In an effort to arrest declining revenues and remain competitive, Telkom is slashing costs wherever possible, including cancelling newspaper and magazine subscriptions, scrapping its “gift and flower policy”, doing away with bottled water and water coolers and limiting staff travel costs.
This is according to two internal e-mails from Telkom’s chief financial officer, Jacques Schindehütte, which TechCentral has seen.
“We are all are aware of the commercial challenges facing Telkom,” the first e-mail reads. “These can only be discharged if we work together to improve the financial performance of our company.”
Schindehütte says the company’s executive committee is looking at ways to reduce costs in areas “such as buildings that house network infrastructure, fleet management, marketing, travel, outsourced contracts, consulting and procurement” but that “optimum success with regard to improving cost efficiency” will only be achieved if the company can “cultivate a culture of cost consciousness” among all of its employees.
“It is in this context that I ask you to collaborate to reduce unnecessary expenditure by working a little smarter,” he says.

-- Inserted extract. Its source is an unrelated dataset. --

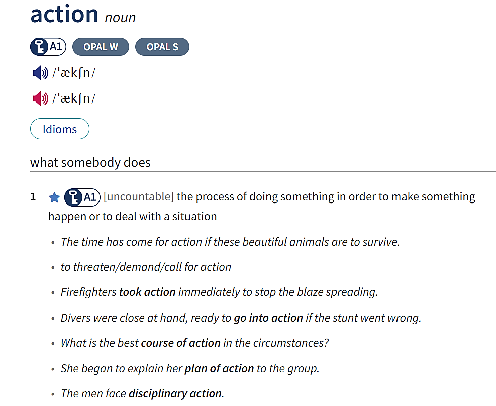 Hiểu nghĩa các cụm từ đi với “action” từ từ điển đã cho”

The cost saving moves include doing away with all company-provided refreshments, with the exception of tea and coffee, for meetings with external parties and limiting bottled water and water coolers to Telkom facilities where tests have shown that municipal water is not suitable for consumption.
Telkom will also no longer purchase any flowers, whether for its own premises or for events like the birth of a staff member’s child and all existing newspaper and magazine subscriptions must be terminated as soon as possible and may not be renewed.
All memberships will be reviewed by Telkom’s human resources department and will need to be approved by the executive committee. At the same time, all televisions that are not used for business purposes must be returned to avoid unnecessary spending on TV licences.
The company will no longer use external venues, and external training, seminars and conferences should be “eliminated” unless approved in writing by Schindehütte or another executive committee member.
Telkom is also limiting travel wherever possible. Only group CEO Sipho Maseko can approve international travel and all local travel costs should be kept to the “absolute minimum”, with internal meetings to be done using the company’s teleconferencing facilities.
Schindehütte has also asked that staff “think twice before printing a document or e-mail”.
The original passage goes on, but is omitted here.